> _Activity_
Would you transcribe the records below from the line with "云南驰宏锌锗股份有限公司、株" to the line with "随着幻灯片上的作品展播,方力", ends included, exactly and with nothing more, leaving the pictures out?

───── Data records ─────

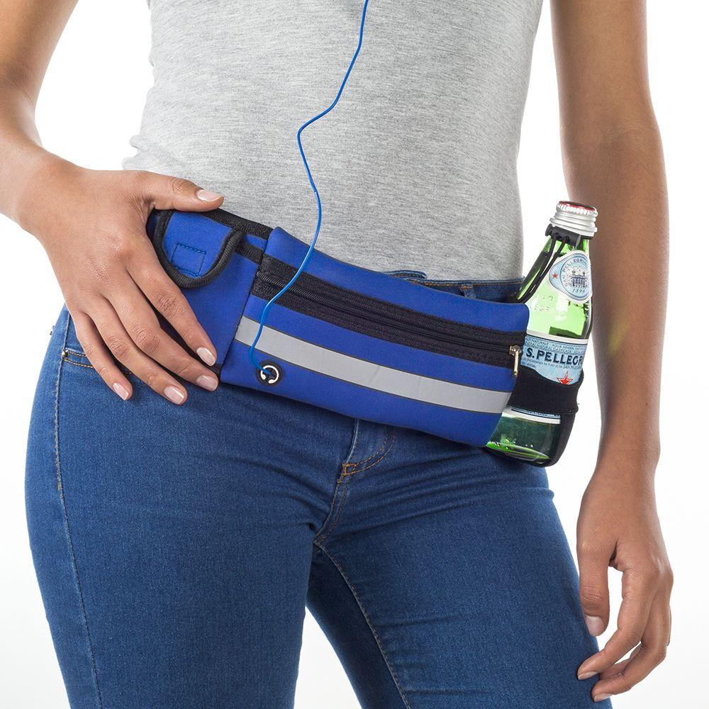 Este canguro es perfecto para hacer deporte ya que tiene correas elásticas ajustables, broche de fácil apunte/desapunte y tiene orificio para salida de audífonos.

─────
───── Data records ─────

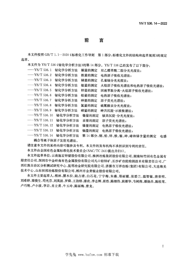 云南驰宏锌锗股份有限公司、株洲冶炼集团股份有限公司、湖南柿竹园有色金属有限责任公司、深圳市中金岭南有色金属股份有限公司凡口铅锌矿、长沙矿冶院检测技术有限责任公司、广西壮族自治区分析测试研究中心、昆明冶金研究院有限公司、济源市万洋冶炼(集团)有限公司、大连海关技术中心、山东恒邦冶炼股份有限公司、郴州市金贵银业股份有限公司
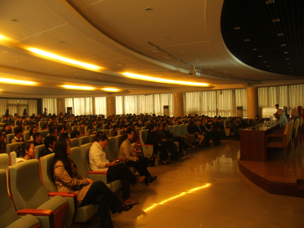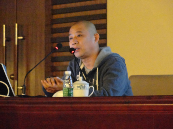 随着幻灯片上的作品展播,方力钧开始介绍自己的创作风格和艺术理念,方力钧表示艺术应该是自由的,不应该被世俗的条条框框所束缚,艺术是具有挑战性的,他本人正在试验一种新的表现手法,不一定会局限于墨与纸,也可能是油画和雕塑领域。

─────

> _Solution to this task_
 云南驰宏锌锗股份有限公司、株洲冶炼集团股份有限公司、湖南柿竹园有色金属有限责任公司、深圳市中金岭南有色金属股份有限公司凡口铅锌矿、长沙矿冶院检测技术有限责任公司、广西壮族自治区分析测试研究中心、昆明冶金研究院有限公司、济源市万洋冶炼(集团)有限公司、大连海关技术中心、山东恒邦冶炼股份有限公司、郴州市金贵银业股份有限公司
 随着幻灯片上的作品展播,方力钧开始介绍自己的创作风格和艺术理念,方力钧表示艺术应该是自由的,不应该被世俗的条条框框所束缚,艺术是具有挑战性的,他本人正在试验一种新的表现手法,不一定会局限于墨与纸,也可能是油画和雕塑领域。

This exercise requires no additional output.